(Data)
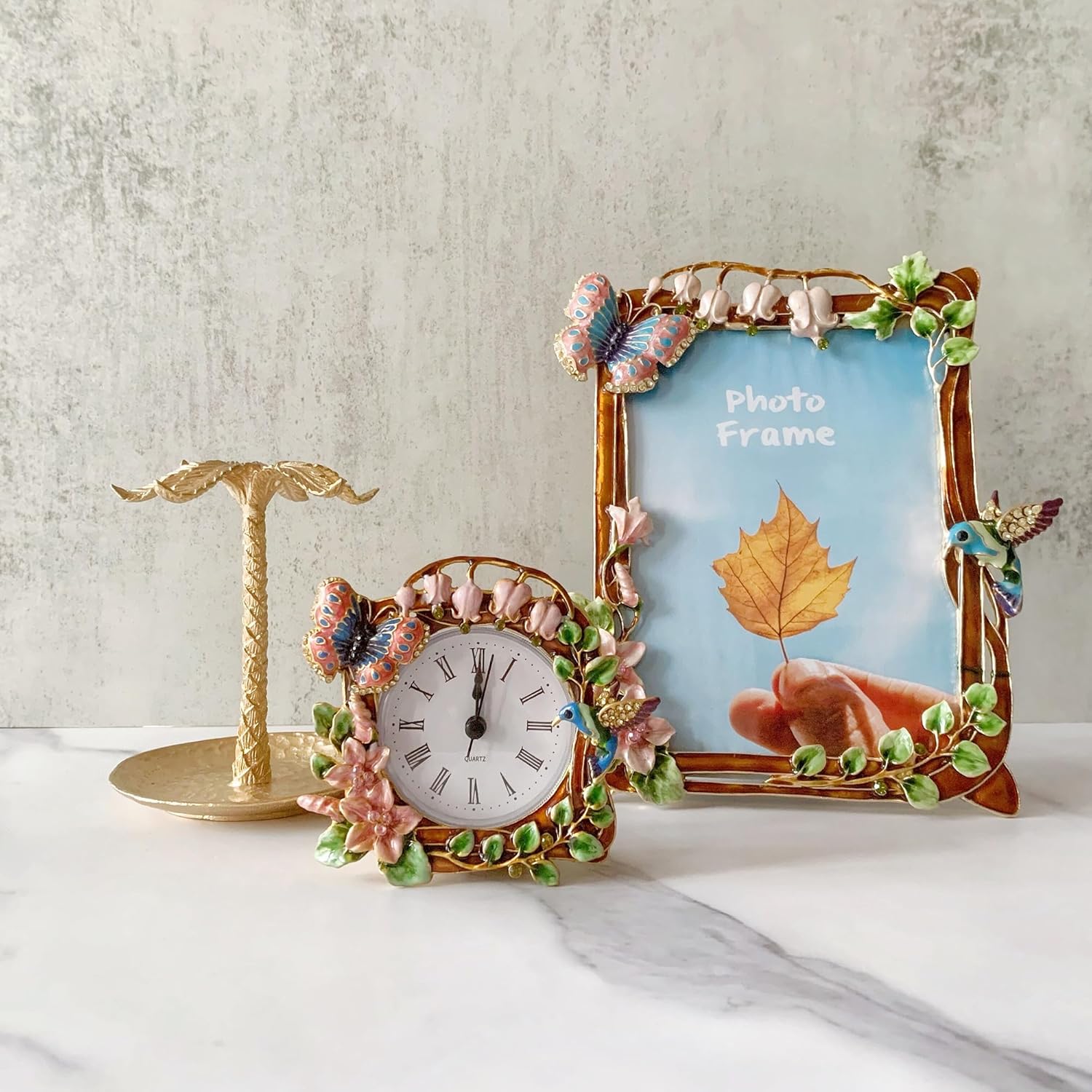 - VINTAGE DESIGN & EXCELLENT CRAFT: Creative design of delicate flower and noble carvings gives these decorative mini table clock an elegant vintage appearance. Each piece of the clock frame is individually Hand-painted, will definitely add vintage and charm to your kitchen, living room, bathroom, or bedroom.
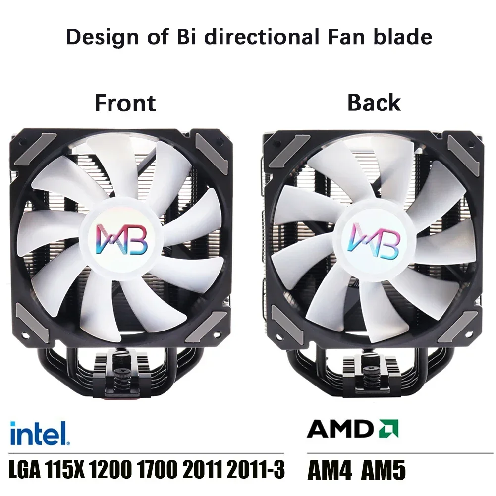 Comprar Wovibo-Ventilador enfriador de CPU, 6 tubos de calor de 120mm, para radiador Intel 1150, 1151, 1155, 1700, X79, X99, AMD AM4, AM5
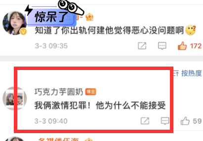 就在网友直言她出轨,张九南觉得恶心时,她情绪激动地回复网友:我俩激情犯罪,他为什么不能接受。
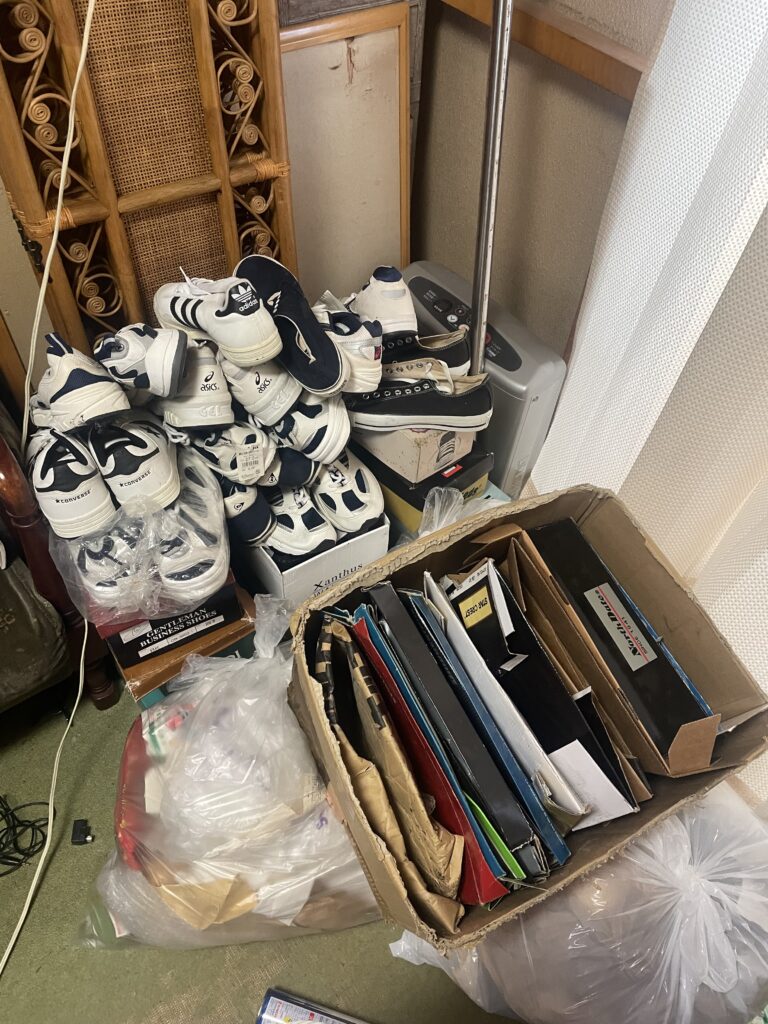 奥の部屋 Uncategorized X Facebook はてブ LINE Pinterest コピー 2025.09.162026.02.23 場所を食う靴を追い出して目に見えて汚いゴミだけを回収する作戦にでた 靴がとりあえずの20セット程度、ゴミ袋4袋分を回収 アフター画像↑若干かさが減ったかな程度
(End Data)
Without including any picture, copy the listing above exactly and in full.

* [Finished task]:
 - VINTAGE DESIGN & EXCELLENT CRAFT: Creative design of delicate flower and noble carvings gives these decorative mini table clock an elegant vintage appearance. Each piece of the clock frame is individually Hand-painted, will definitely add vintage and charm to your kitchen, living room, bathroom, or bedroom.
 Comprar Wovibo-Ventilador enfriador de CPU, 6 tubos de calor de 120mm, para radiador Intel 1150, 1151, 1155, 1700, X79, X99, AMD AM4, AM5
 就在网友直言她出轨,张九南觉得恶心时,她情绪激动地回复网友:我俩激情犯罪,他为什么不能接受。
 奥の部屋 Uncategorized X Facebook はてブ LINE Pinterest コピー 2025.09.162026.02.23 場所を食う靴を追い出して目に見えて汚いゴミだけを回収する作戦にでた 靴がとりあえずの20セット程度、ゴミ袋4袋分を回収 アフター画像↑若干かさが減ったかな程度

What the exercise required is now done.